What is needed -
Each record below must be retyped exactly, with nothing left out.

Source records

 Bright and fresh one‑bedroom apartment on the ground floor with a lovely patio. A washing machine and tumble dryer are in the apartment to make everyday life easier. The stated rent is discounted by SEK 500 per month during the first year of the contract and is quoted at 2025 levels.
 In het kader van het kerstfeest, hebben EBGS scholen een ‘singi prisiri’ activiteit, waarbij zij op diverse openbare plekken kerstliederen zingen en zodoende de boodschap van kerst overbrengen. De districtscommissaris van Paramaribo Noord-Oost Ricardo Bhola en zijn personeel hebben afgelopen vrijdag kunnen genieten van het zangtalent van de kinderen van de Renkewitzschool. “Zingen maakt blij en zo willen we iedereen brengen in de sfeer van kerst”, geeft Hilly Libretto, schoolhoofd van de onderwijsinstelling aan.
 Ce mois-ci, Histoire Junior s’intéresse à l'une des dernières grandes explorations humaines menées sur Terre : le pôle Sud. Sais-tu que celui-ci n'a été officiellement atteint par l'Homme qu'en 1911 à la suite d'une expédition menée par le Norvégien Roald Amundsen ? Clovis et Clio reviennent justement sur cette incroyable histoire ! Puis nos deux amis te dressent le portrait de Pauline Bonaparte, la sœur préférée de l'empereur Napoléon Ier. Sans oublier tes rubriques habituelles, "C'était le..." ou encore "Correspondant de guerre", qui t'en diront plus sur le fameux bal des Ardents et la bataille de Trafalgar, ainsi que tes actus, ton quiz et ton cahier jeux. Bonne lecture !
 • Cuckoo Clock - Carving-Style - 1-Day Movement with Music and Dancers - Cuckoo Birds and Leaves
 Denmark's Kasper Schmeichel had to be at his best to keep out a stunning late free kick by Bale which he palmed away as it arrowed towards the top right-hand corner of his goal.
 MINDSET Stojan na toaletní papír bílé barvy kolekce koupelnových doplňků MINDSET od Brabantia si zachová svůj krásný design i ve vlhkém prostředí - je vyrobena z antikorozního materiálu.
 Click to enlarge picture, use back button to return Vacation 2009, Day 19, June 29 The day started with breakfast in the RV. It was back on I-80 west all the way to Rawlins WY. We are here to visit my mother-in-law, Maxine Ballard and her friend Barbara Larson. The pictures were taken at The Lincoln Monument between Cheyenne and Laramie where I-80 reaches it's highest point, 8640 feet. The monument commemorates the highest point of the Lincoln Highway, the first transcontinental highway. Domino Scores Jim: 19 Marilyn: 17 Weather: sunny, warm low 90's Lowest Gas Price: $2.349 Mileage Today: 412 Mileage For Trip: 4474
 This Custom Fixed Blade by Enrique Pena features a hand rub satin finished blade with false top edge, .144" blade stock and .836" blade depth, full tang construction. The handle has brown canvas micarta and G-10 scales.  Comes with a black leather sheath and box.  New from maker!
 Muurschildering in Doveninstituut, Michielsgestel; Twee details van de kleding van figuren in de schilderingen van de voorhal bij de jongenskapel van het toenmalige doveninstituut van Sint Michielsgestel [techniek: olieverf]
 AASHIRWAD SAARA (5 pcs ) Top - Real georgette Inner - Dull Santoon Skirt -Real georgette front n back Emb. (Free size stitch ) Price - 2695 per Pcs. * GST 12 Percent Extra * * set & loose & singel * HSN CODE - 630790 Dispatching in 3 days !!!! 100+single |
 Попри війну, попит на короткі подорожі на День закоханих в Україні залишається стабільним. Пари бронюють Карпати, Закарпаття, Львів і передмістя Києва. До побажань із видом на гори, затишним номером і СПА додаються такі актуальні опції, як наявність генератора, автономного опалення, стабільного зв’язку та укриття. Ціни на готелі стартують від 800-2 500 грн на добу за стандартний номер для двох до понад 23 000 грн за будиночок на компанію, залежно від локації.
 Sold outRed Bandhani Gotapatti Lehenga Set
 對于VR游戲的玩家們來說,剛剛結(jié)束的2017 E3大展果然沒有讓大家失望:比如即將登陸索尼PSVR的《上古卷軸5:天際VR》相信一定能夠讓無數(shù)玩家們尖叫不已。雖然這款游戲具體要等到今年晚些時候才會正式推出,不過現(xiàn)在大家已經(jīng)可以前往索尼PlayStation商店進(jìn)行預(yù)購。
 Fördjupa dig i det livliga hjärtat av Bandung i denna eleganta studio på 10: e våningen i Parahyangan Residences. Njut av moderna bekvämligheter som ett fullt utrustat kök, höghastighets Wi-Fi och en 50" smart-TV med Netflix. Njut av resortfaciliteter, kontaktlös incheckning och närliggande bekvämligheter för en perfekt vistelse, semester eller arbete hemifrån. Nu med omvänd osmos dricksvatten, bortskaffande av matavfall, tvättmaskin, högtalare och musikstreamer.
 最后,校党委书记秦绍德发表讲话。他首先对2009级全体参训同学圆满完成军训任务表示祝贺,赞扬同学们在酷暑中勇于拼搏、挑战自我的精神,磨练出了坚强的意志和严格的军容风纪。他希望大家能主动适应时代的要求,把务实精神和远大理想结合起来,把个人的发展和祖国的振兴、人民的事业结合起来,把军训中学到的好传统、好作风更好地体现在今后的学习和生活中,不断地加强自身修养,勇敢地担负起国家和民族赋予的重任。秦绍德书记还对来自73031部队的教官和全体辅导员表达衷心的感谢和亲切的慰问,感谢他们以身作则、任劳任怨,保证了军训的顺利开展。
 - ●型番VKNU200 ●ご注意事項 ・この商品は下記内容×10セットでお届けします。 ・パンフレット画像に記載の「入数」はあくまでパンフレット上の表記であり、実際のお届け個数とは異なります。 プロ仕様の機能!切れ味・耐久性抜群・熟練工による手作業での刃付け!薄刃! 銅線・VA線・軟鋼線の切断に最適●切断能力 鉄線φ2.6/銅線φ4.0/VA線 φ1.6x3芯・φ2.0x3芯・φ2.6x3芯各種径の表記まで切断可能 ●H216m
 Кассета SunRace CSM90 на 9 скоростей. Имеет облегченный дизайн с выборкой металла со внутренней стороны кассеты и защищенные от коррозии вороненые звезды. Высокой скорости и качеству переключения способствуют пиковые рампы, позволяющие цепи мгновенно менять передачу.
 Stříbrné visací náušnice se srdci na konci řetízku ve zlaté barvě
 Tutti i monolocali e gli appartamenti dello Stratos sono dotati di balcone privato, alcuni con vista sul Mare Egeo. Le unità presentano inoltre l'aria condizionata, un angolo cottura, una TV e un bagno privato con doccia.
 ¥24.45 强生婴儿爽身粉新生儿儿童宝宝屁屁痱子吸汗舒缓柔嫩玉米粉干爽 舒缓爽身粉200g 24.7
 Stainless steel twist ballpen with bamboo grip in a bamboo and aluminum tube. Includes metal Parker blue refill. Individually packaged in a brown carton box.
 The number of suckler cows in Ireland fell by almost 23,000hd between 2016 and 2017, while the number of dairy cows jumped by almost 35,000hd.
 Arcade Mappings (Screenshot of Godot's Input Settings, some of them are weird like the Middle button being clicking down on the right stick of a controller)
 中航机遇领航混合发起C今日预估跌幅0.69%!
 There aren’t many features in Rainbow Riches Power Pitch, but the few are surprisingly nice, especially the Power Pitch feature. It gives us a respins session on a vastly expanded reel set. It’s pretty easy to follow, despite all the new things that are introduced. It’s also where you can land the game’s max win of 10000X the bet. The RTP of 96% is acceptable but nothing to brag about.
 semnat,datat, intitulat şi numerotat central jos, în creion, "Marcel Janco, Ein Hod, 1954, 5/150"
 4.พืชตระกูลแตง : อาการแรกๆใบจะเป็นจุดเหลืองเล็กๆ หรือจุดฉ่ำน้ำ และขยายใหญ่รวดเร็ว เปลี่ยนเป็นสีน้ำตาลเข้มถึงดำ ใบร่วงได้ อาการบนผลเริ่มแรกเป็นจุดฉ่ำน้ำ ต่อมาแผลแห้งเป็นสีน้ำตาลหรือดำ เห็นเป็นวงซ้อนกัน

Solution to the exercise -
 Bright and fresh one‑bedroom apartment on the ground floor with a lovely patio. A washing machine and tumble dryer are in the apartment to make everyday life easier. The stated rent is discounted by SEK 500 per month during the first year of the contract and is quoted at 2025 levels.
 In het kader van het kerstfeest, hebben EBGS scholen een ‘singi prisiri’ activiteit, waarbij zij op diverse openbare plekken kerstliederen zingen en zodoende de boodschap van kerst overbrengen. De districtscommissaris van Paramaribo Noord-Oost Ricardo Bhola en zijn personeel hebben afgelopen vrijdag kunnen genieten van het zangtalent van de kinderen van de Renkewitzschool. “Zingen maakt blij en zo willen we iedereen brengen in de sfeer van kerst”, geeft Hilly Libretto, schoolhoofd van de onderwijsinstelling aan.
 Ce mois-ci, Histoire Junior s’intéresse à l'une des dernières grandes explorations humaines menées sur Terre : le pôle Sud. Sais-tu que celui-ci n'a été officiellement atteint par l'Homme qu'en 1911 à la suite d'une expédition menée par le Norvégien Roald Amundsen ? Clovis et Clio reviennent justement sur cette incroyable histoire ! Puis nos deux amis te dressent le portrait de Pauline Bonaparte, la sœur préférée de l'empereur Napoléon Ier. Sans oublier tes rubriques habituelles, "C'était le..." ou encore "Correspondant de guerre", qui t'en diront plus sur le fameux bal des Ardents et la bataille de Trafalgar, ainsi que tes actus, ton quiz et ton cahier jeux. Bonne lecture !
 • Cuckoo Clock - Carving-Style - 1-Day Movement with Music and Dancers - Cuckoo Birds and Leaves
 Denmark's Kasper Schmeichel had to be at his best to keep out a stunning late free kick by Bale which he palmed away as it arrowed towards the top right-hand corner of his goal.
 MINDSET Stojan na toaletní papír bílé barvy kolekce koupelnových doplňků MINDSET od Brabantia si zachová svůj krásný design i ve vlhkém prostředí - je vyrobena z antikorozního materiálu.
 Click to enlarge picture, use back button to return Vacation 2009, Day 19, June 29 The day started with breakfast in the RV. It was back on I-80 west all the way to Rawlins WY. We are here to visit my mother-in-law, Maxine Ballard and her friend Barbara Larson. The pictures were taken at The Lincoln Monument between Cheyenne and Laramie where I-80 reaches it's highest point, 8640 feet. The monument commemorates the highest point of the Lincoln Highway, the first transcontinental highway. Domino Scores Jim: 19 Marilyn: 17 Weather: sunny, warm low 90's Lowest Gas Price: $2.349 Mileage Today: 412 Mileage For Trip: 4474
 This Custom Fixed Blade by Enrique Pena features a hand rub satin finished blade with false top edge, .144" blade stock and .836" blade depth, full tang construction. The handle has brown canvas micarta and G-10 scales.  Comes with a black leather sheath and box.  New from maker!
 Muurschildering in Doveninstituut, Michielsgestel; Twee details van de kleding van figuren in de schilderingen van de voorhal bij de jongenskapel van het toenmalige doveninstituut van Sint Michielsgestel [techniek: olieverf]
 AASHIRWAD SAARA (5 pcs ) Top - Real georgette Inner - Dull Santoon Skirt -Real georgette front n back Emb. (Free size stitch ) Price - 2695 per Pcs. * GST 12 Percent Extra * * set & loose & singel * HSN CODE - 630790 Dispatching in 3 days !!!! 100+single |
 Попри війну, попит на короткі подорожі на День закоханих в Україні залишається стабільним. Пари бронюють Карпати, Закарпаття, Львів і передмістя Києва. До побажань із видом на гори, затишним номером і СПА додаються такі актуальні опції, як наявність генератора, автономного опалення, стабільного зв’язку та укриття. Ціни на готелі стартують від 800-2 500 грн на добу за стандартний номер для двох до понад 23 000 грн за будиночок на компанію, залежно від локації.
 Sold outRed Bandhani Gotapatti Lehenga Set
 對于VR游戲的玩家們來說,剛剛結(jié)束的2017 E3大展果然沒有讓大家失望:比如即將登陸索尼PSVR的《上古卷軸5:天際VR》相信一定能夠讓無數(shù)玩家們尖叫不已。雖然這款游戲具體要等到今年晚些時候才會正式推出,不過現(xiàn)在大家已經(jīng)可以前往索尼PlayStation商店進(jìn)行預(yù)購。
 Fördjupa dig i det livliga hjärtat av Bandung i denna eleganta studio på 10: e våningen i Parahyangan Residences. Njut av moderna bekvämligheter som ett fullt utrustat kök, höghastighets Wi-Fi och en 50" smart-TV med Netflix. Njut av resortfaciliteter, kontaktlös incheckning och närliggande bekvämligheter för en perfekt vistelse, semester eller arbete hemifrån. Nu med omvänd osmos dricksvatten, bortskaffande av matavfall, tvättmaskin, högtalare och musikstreamer.
 最后,校党委书记秦绍德发表讲话。他首先对2009级全体参训同学圆满完成军训任务表示祝贺,赞扬同学们在酷暑中勇于拼搏、挑战自我的精神,磨练出了坚强的意志和严格的军容风纪。他希望大家能主动适应时代的要求,把务实精神和远大理想结合起来,把个人的发展和祖国的振兴、人民的事业结合起来,把军训中学到的好传统、好作风更好地体现在今后的学习和生活中,不断地加强自身修养,勇敢地担负起国家和民族赋予的重任。秦绍德书记还对来自73031部队的教官和全体辅导员表达衷心的感谢和亲切的慰问,感谢他们以身作则、任劳任怨,保证了军训的顺利开展。
 - ●型番VKNU200 ●ご注意事項 ・この商品は下記内容×10セットでお届けします。 ・パンフレット画像に記載の「入数」はあくまでパンフレット上の表記であり、実際のお届け個数とは異なります。 プロ仕様の機能!切れ味・耐久性抜群・熟練工による手作業での刃付け!薄刃! 銅線・VA線・軟鋼線の切断に最適●切断能力 鉄線φ2.6/銅線φ4.0/VA線 φ1.6x3芯・φ2.0x3芯・φ2.6x3芯各種径の表記まで切断可能 ●H216m
 Кассета SunRace CSM90 на 9 скоростей. Имеет облегченный дизайн с выборкой металла со внутренней стороны кассеты и защищенные от коррозии вороненые звезды. Высокой скорости и качеству переключения способствуют пиковые рампы, позволяющие цепи мгновенно менять передачу.
 Stříbrné visací náušnice se srdci na konci řetízku ve zlaté barvě
 Tutti i monolocali e gli appartamenti dello Stratos sono dotati di balcone privato, alcuni con vista sul Mare Egeo. Le unità presentano inoltre l'aria condizionata, un angolo cottura, una TV e un bagno privato con doccia.
 ¥24.45 强生婴儿爽身粉新生儿儿童宝宝屁屁痱子吸汗舒缓柔嫩玉米粉干爽 舒缓爽身粉200g 24.7
 Stainless steel twist ballpen with bamboo grip in a bamboo and aluminum tube. Includes metal Parker blue refill. Individually packaged in a brown carton box.
 The number of suckler cows in Ireland fell by almost 23,000hd between 2016 and 2017, while the number of dairy cows jumped by almost 35,000hd.
 Arcade Mappings (Screenshot of Godot's Input Settings, some of them are weird like the Middle button being clicking down on the right stick of a controller)
 中航机遇领航混合发起C今日预估跌幅0.69%!
 There aren’t many features in Rainbow Riches Power Pitch, but the few are surprisingly nice, especially the Power Pitch feature. It gives us a respins session on a vastly expanded reel set. It’s pretty easy to follow, despite all the new things that are introduced. It’s also where you can land the game’s max win of 10000X the bet. The RTP of 96% is acceptable but nothing to brag about.
 semnat,datat, intitulat şi numerotat central jos, în creion, "Marcel Janco, Ein Hod, 1954, 5/150"
 4.พืชตระกูลแตง : อาการแรกๆใบจะเป็นจุดเหลืองเล็กๆ หรือจุดฉ่ำน้ำ และขยายใหญ่รวดเร็ว เปลี่ยนเป็นสีน้ำตาลเข้มถึงดำ ใบร่วงได้ อาการบนผลเริ่มแรกเป็นจุดฉ่ำน้ำ ต่อมาแผลแห้งเป็นสีน้ำตาลหรือดำ เห็นเป็นวงซ้อนกัน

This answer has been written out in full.